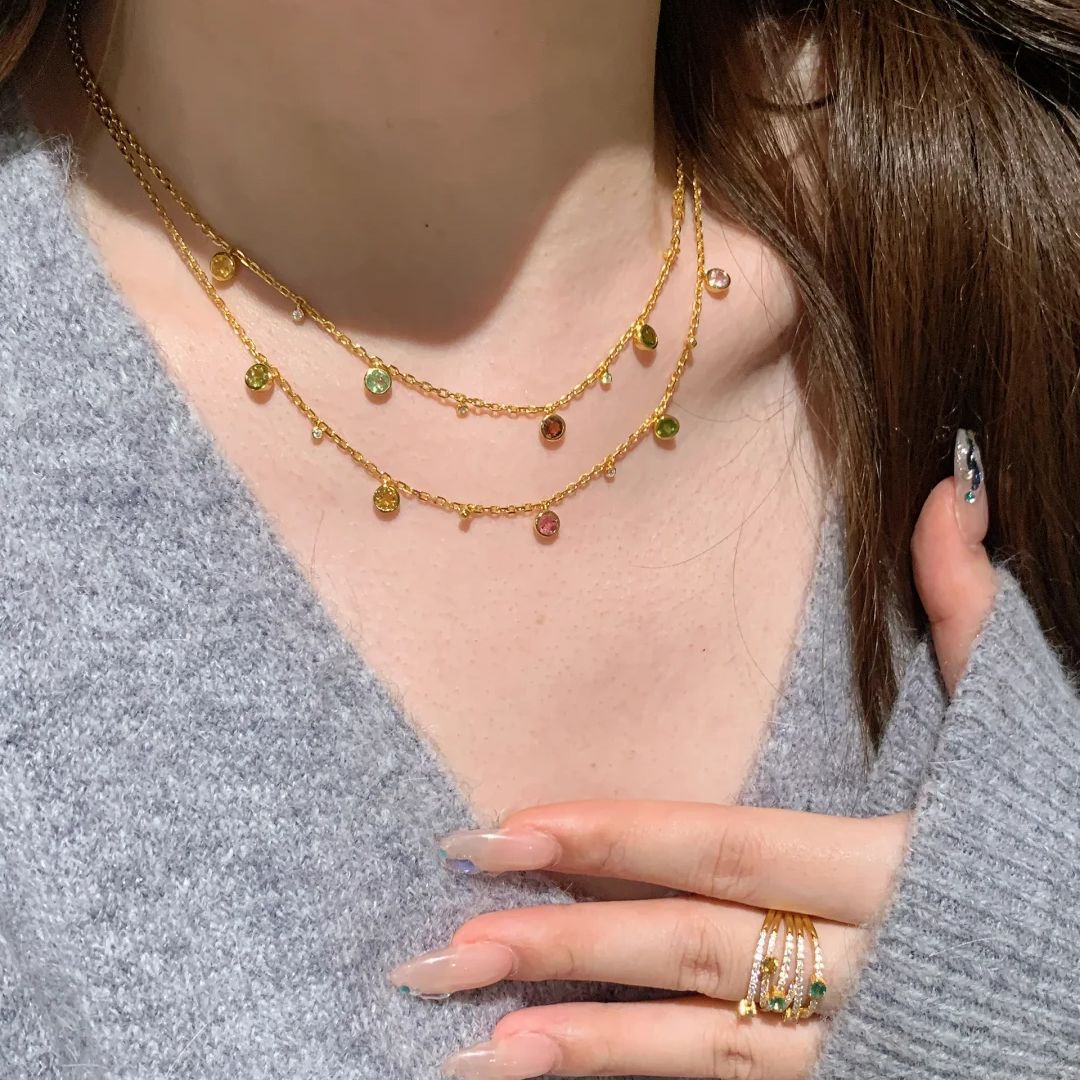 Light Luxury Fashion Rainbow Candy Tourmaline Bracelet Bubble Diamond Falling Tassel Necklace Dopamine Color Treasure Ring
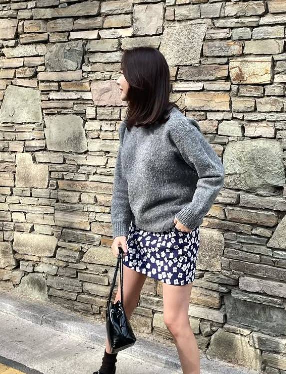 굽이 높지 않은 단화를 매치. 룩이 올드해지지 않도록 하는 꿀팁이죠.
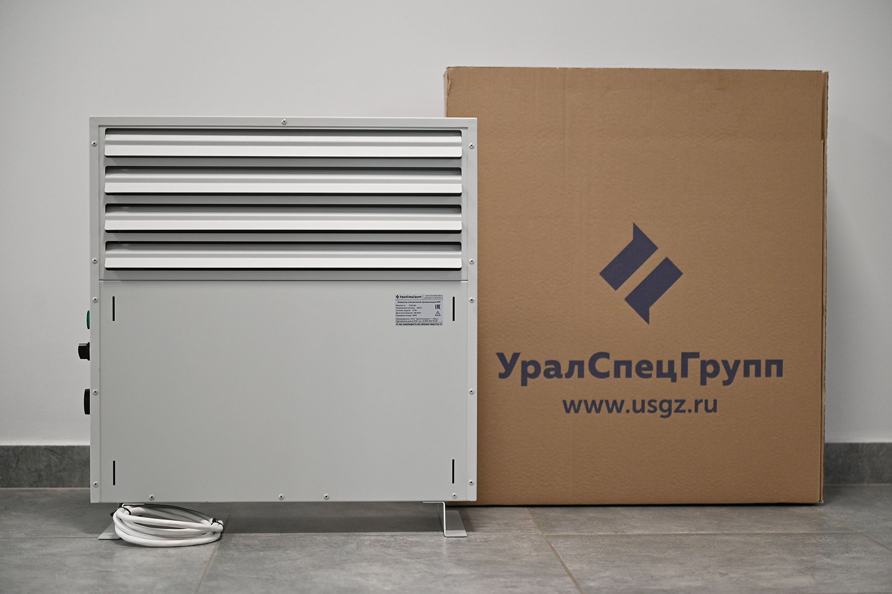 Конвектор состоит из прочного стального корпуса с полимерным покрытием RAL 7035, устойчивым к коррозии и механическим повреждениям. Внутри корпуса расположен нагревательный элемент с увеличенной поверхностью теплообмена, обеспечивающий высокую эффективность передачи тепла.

* * *

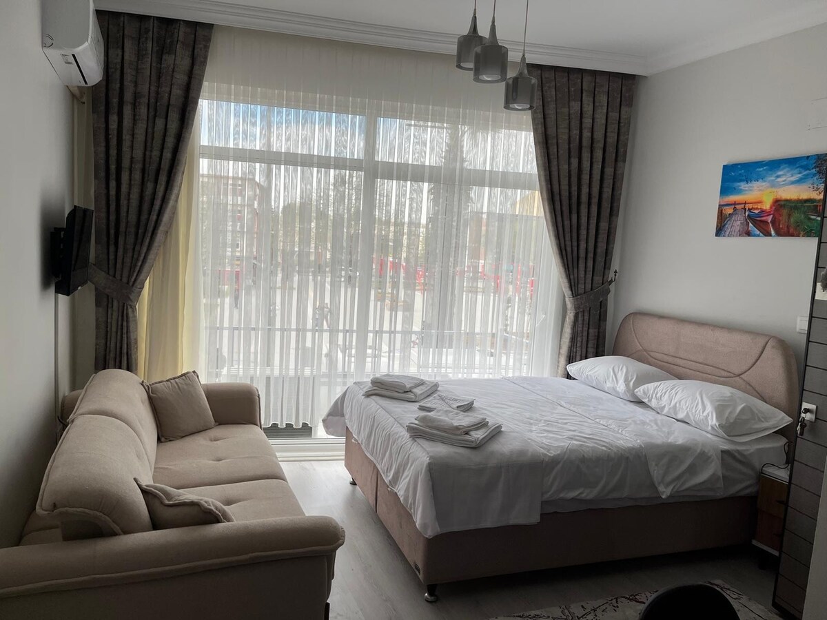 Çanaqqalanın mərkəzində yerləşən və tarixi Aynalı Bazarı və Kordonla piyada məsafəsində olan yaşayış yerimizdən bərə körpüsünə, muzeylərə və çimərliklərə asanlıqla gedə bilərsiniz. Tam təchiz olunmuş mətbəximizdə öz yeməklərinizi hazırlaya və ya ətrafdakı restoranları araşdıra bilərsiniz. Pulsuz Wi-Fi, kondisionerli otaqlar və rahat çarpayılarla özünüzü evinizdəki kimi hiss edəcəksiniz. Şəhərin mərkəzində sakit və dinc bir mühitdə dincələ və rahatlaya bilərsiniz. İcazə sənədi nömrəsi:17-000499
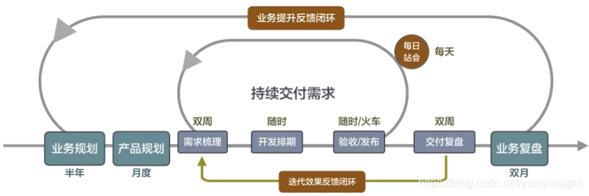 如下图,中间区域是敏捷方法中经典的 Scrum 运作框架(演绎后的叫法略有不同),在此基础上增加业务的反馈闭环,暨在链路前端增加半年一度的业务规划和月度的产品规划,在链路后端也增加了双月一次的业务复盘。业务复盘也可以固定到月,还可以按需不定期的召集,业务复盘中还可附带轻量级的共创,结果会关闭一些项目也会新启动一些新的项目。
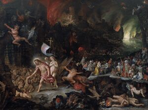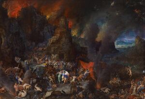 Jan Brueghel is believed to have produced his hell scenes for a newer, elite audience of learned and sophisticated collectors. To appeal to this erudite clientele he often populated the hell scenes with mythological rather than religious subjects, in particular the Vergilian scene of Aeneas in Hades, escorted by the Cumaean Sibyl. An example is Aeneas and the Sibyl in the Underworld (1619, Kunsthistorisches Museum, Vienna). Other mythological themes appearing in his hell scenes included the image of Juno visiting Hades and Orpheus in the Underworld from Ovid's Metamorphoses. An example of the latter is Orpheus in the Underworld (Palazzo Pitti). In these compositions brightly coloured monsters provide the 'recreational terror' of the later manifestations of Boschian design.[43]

## Your goal
Treat the line with "Light Luxury Fashion" as the start and the line with "Конвектор состоит из" as the end, and return exactly that span of the data above, both ends included, without pictures.

## Written answer
 Light Luxury Fashion Rainbow Candy Tourmaline Bracelet Bubble Diamond Falling Tassel Necklace Dopamine Color Treasure Ring
 굽이 높지 않은 단화를 매치. 룩이 올드해지지 않도록 하는 꿀팁이죠.
 Конвектор состоит из прочного стального корпуса с полимерным покрытием RAL 7035, устойчивым к коррозии и механическим повреждениям. Внутри корпуса расположен нагревательный элемент с увеличенной поверхностью теплообмена, обеспечивающий высокую эффективность передачи тепла.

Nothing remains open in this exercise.